Monday, 20 April 2009

It is tough for trainees but is studying journalism all about getting a job?

I've done a piece for MediaGuardian today on how tough it is for journalism students to get jobs this year with many trainee places and traineeships drying up.
What saddens me most is that a time when the newspaper industry needs to make the jump to a digital future it is losing out on loads of young journalists who have grown up with the web, have their own blogs, understand social media and have the multi-media skills that might just save the industry.
One academic, Chris Rushton, head of Journalism & Public Relations at the University of Sunderland e-mailed me this morning to point out that studying journalism is not all about getting a job as a journalist.
He said: "I just read your piece and it accurately sums up the depression currently engulfing practitioners, academics and students.

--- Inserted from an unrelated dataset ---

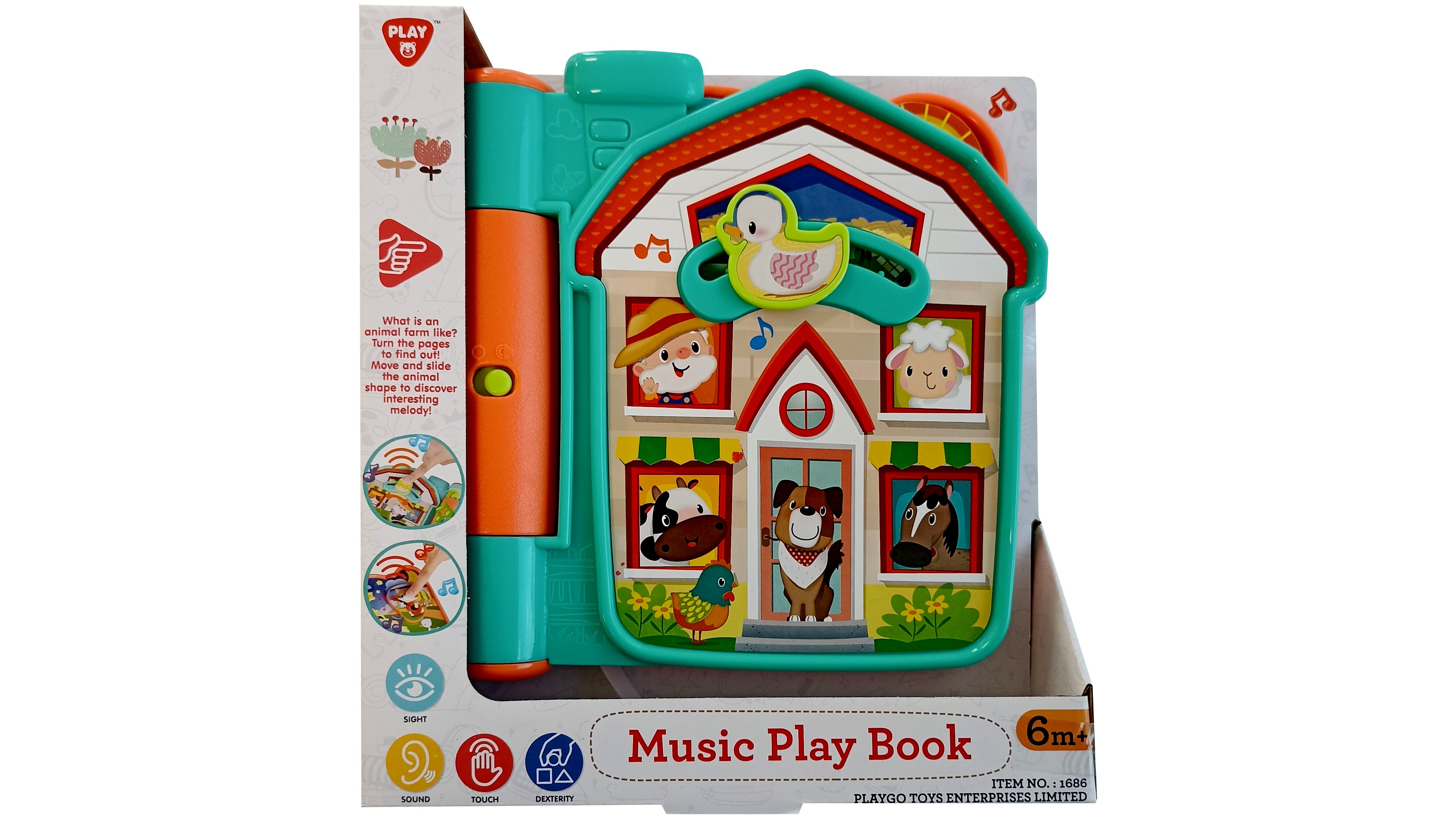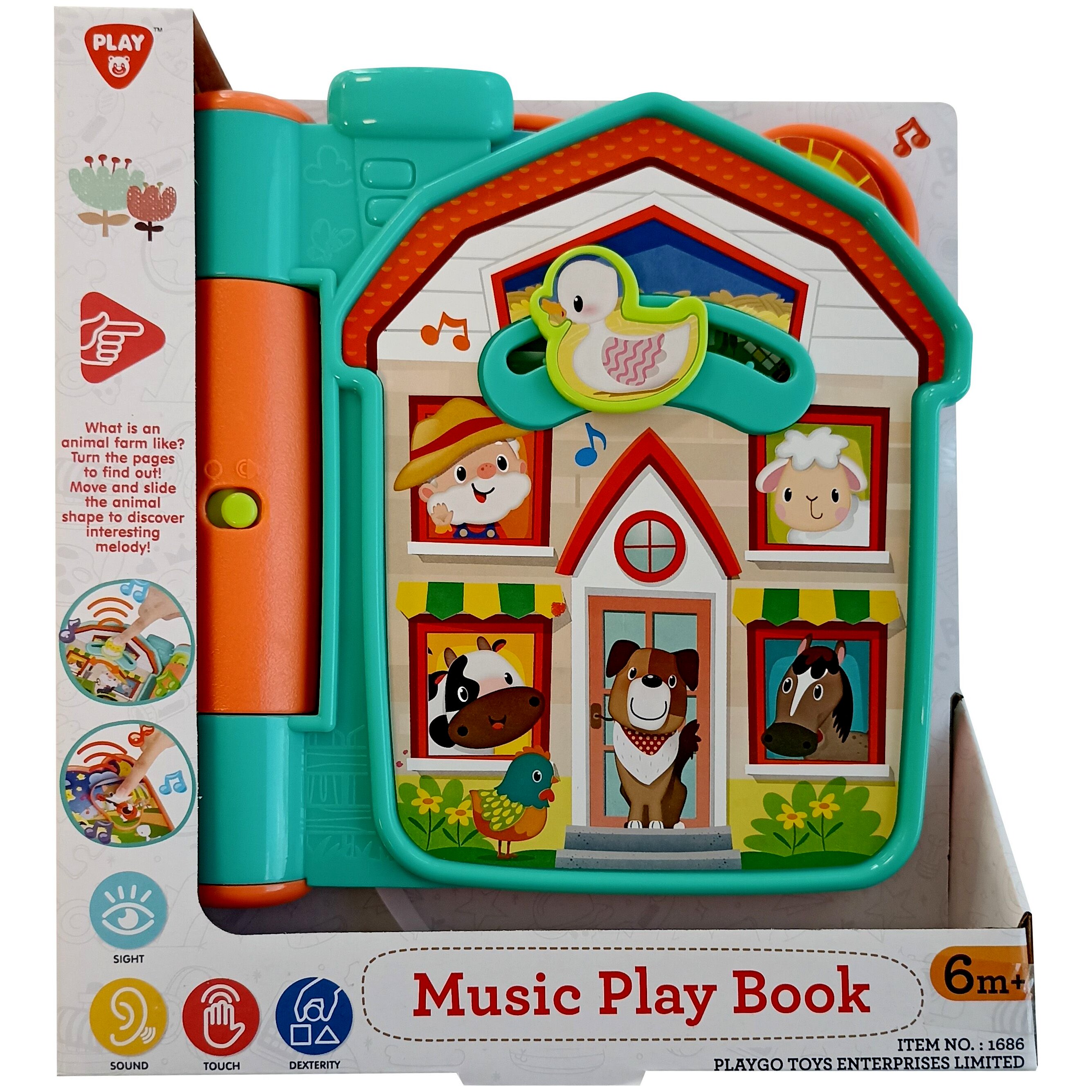 Ezzel a zenélő és hangot adó foglalkoztató könyvvel a kicsik megismerkedhetnek a farmon élő állatokkal és gazdasággal. Minden lap egy izgalmas felfedezni való részt tartalmaz. A csúsztatható, mozgatható formák állathangokat adnak ki és ismerős dallamot játszik le.Tökéletes választás a gyerekeknek, akik játékosan ismerkedhetnek meg a farmon élő állatok hangjával a könyvben lévő színes rajzok által.

The only thing I would have added - and it's something that MediaGuardian always ignores - is that taking a degree in Journalism is as valid as studying English, History or Politics (which probably covers the educational background of a high proportion of Guardian journalists).
"To use the education jargon, a BA in Journalism has as many transferable skills as virtually any degree you care to mention and a lot more than most. The ability to access, analyse and communicate a wide range of information is now valued in all sectors of employment. As I say at all recruitment sessions there is no shame in deciding halfway through a degree course that journalism is not for you - it will still equip you for many different career paths (e.g. other media work,teaching, research, PR)."
Applications at Sunderland are up 62 per cent on last year.
He has a point. I studied politics but am not a politician.